В газетных репортажах невозможно передать, что ты ощущаешь сам, оказавшись в таких «звиздорезах». Там нет смутных сбывающихся знаков-предостережений, нет твоей веры, твоего ужаса, смятения, внезапных озарений и видений. Почти нет цинизма и жалости. Все эти чувства и драматургию я оставил для этой книги.
Великая Отечественная война
Контрибуция
Дед Саня вывернул руль вправо и дернул рычаг передач на себя до отказа. Мотоцикл взревел, попятился, соскальзывая в танковую колею, и наконец выбрался на проталинку с сухой травкой, встав к лесу задом, а к останкам деревни Залучье передом. Елочка так и спала в коляске, укутанная по самый пятачок солдатским одеялом. Дед не стал ее пока будить и присел на задок коляски, туда, где когда-то крепилось запасное колесо.

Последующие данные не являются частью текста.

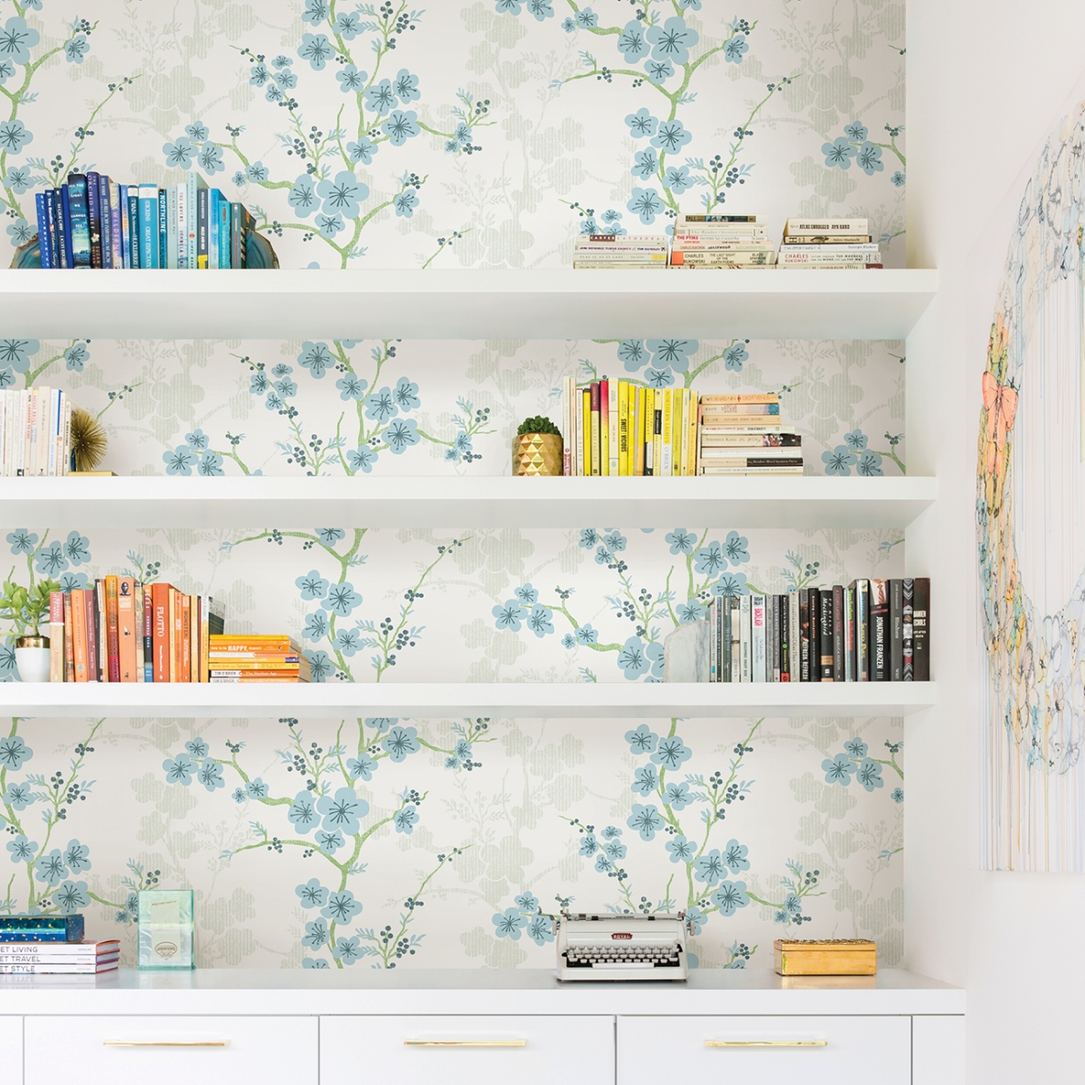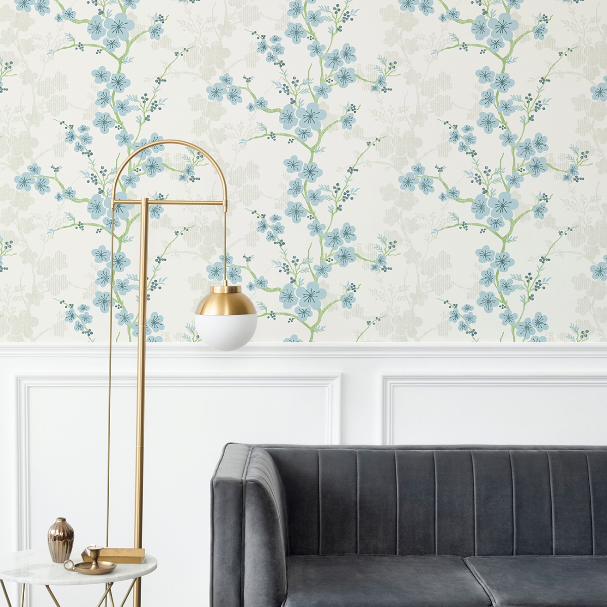 Добавьте в свой дом радостную свежесть нового весеннего дня с этими великолепными цветочными обоями. Современный дизайн в стиле «китайский стиль» включает в себя извилистые ветви, усеянные белыми цветами, на фоне тёмно-зелёных силуэтов на светло-зелёном фоне. Nicolette — это акриловые обои без клея.

Швейцарские часики-брусочек уже не светили зелеными стрелками: мгла с полей поползла обратно, в гниющий лес, а из леса в ответ пахнуло целым букетом: каким-то целлулоидом, газойлем, гарью древесной и тряпочной, горечью тротила и мерзкой трупной сладостью. Из тяжелой серебряной ладанки с лаковой Девой Марией на крышечке дед натряс на бумажку дивного табаку. В пестрой причудливой смеси встречался и зелено-бурый деревенский самосад, и янтарный анатолийский табачок, и пригоревшие крошки от разносортных окурков. Попадался и немецкий капустный лист, вымоченный в синтетическом никотине, и даже пластинчатая сигарная шелуха.
Закурив, дед осторожно покопался в мотоциклетной коляске и выудил за тонкий ремешок скользкий черный футляр с биноклем. Потом он долго дымил и долго вышаривал через «лейцевские» стекла изломанную окраину леса, пока совсем не заслезились глаза.
Дурной был лес, бестолковый. Дерево в нем росло бросовое – осина гнила на корню, грибы не водились вообще, и даже редкая ягода долго не вызревала. Ходить в этот лес не ходили, только осенью на кабана, и не было в нем ни набитых ногами тропинок, ни вырубок, ни охотничьих навесов. Была единственная «барская» дорога, непонятно по какой блажи настеленная по болотам и пробитая сквозь многочисленные песчаные гривки и островки. В первый год войны по лесу кто-то бегал друг за другом, бабахал громко из разных калибров, и вдруг схлынуло все куда-то бесследно. Дед в этой быстрой войне не участвовал, сидел в погребе и потому не видел, а только слышал, как кочующая немецкая батарея пятью залпами размолотила деревушку Залучье в труху. Когда отгрохотало по деревне, осела пыль и успокоилась земля, дед плакал, подпирая головой погребный люк. Плакал и крестился, любуясь своим чудом уцелевшим пятистенком. Думал уже, чем будет забивать выбитые окошки, как соберет по новой осыпавшуюся трубу… Но затрещал с диким переливом зеленый мотоцикл и заглох, зараза, напротив дома.
Здоровенный немец чинил что-то долго в моторе, разложив на завалинке инструмент, а когда закончил свои дела, масляную тряпку поджег от зажигалки и закинул через битое окошко в горницу. Посмотрел, положив голову на плечо: хорошо ли разгорелось? Наступил на хвост шальному любопытному куренку, меченному синькой. Насадил его на штык и уехал, держа карабин с трофеем как знамя. Дед смотрел на все это внимательно и все крепко-накрепко запоминал. Зачем – старый и сам этого не знал.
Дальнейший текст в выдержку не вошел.